Master Python environment management with venv for virtual environments, pyenv for version switching, and Poetry for dependency management.

·9 min read · By Codeloom
Beginner 11 min read

What you'll learn

  • Create and manage virtual environments with venv
  • Install and switch Python versions using pyenv
  • Manage dependencies and builds with Poetry
  • Combine pyenv and Poetry for a complete workflow

Prerequisites

  • Basic command-line usage
  • Python installed on your system

Managing Python environments is one of the first pain points new developers hit and one of the last things experienced developers get right. Global installs, version conflicts, and broken system Python installations are all symptoms of skipping proper environment management. This guide covers the three tools that solve the problem at different levels.

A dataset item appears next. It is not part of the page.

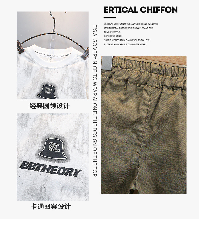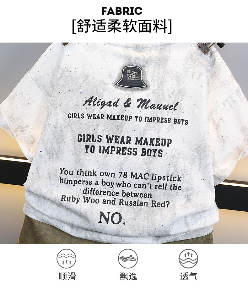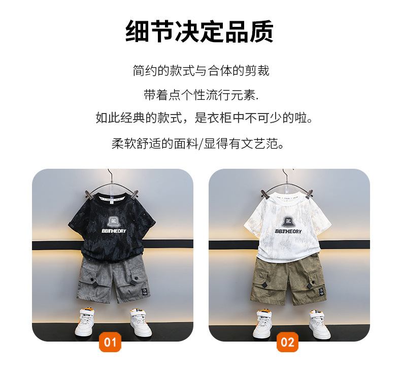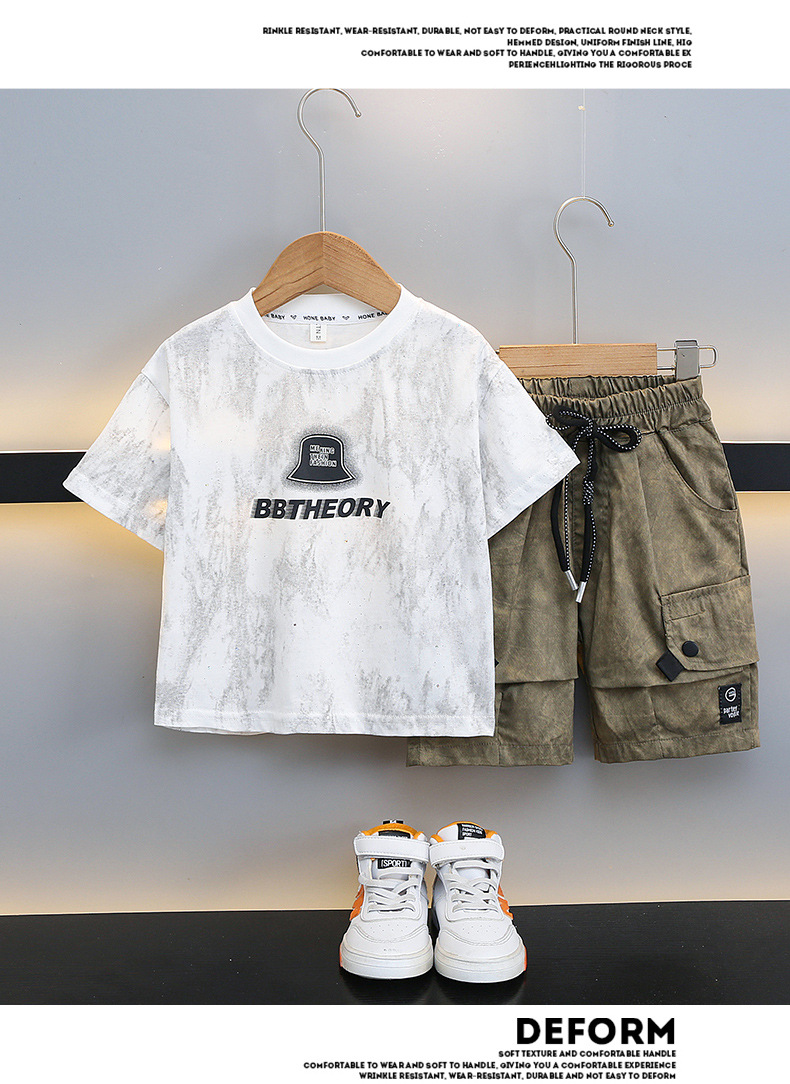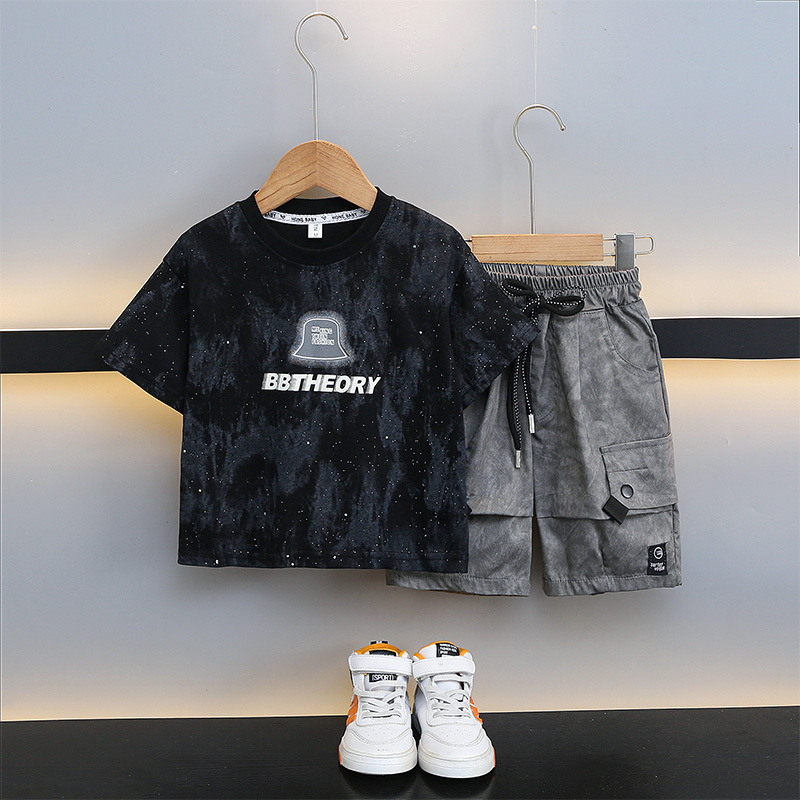 남학생 '2024 년 새 여름 반팔 세트 세련된 아동복 유행 중대형 어린이 여름 얇은 아동복 트렌디

Why Environment Management Matters

Without isolation, every project shares the same Python interpreter and packages. Install django==4.2 for one project and django==5.0 for another, and one will break. Worse, some Linux distributions depend on the system Python, and modifying it can break your OS.

The solution has three layers:

  1. Version management (pyenv): Install and switch between Python 3.10, 3.11, 3.12, etc.
  2. Virtual environments (venv): Isolate packages per project.
  3. Dependency management (Poetry): Track, resolve, and lock exact package versions.

venv: Built-in Virtual Environments

venv ships with Python 3.3+ and creates lightweight, isolated environments.

Creating and Using a venv

# Create a virtual environment
# python3 -m venv .venv

# Activate it (macOS/Linux)
# source .venv/bin/activate

# Activate it (Windows)
# .venv\Scripts\activate

# Your prompt changes to show the active environment:
# (.venv) $ python --version
# Python 3.12.4

# Install packages into the isolated environment
# pip install requests flask

# See what's installed
# pip list

# Deactivate when done
# deactivate

How venv Works Internally

A venv is just a directory with a copy of (or symlink to) the Python binary and its own site-packages:

# .venv/
# +-- bin/             (or Scripts/ on Windows)
# |   +-- python       (symlink to system Python)
# |   +-- pip
# |   +-- activate
# +-- lib/
# |   +-- python3.12/
# |       +-- site-packages/   <- your packages go here
# +-- pyvenv.cfg       <- points to the base Python

When activated, .venv/bin is prepended to your PATH, so python and pip resolve to the virtual environment copies.

Freezing and Reproducing Dependencies

# Export current packages
# pip freeze > requirements.txt

# Reproduce on another machine
# python3 -m venv .venv
# source .venv/bin/activate
# pip install -r requirements.txt

The problem with pip freeze is that it captures everything, including transitive dependencies. If you installed requests, you also get certifi, charset-normalizer, idna, and urllib3 in your requirements file. This makes upgrades harder. Poetry solves this problem.

venv Best Practices

  • Name your environment .venv and add it to .gitignore.
  • Create one venv per project, never share across projects.
  • Use python3 -m venv instead of virtualenv (the third-party tool). The built-in venv is sufficient for most cases.
  • On systems with multiple Python versions, specify the version explicitly: python3.12 -m venv .venv.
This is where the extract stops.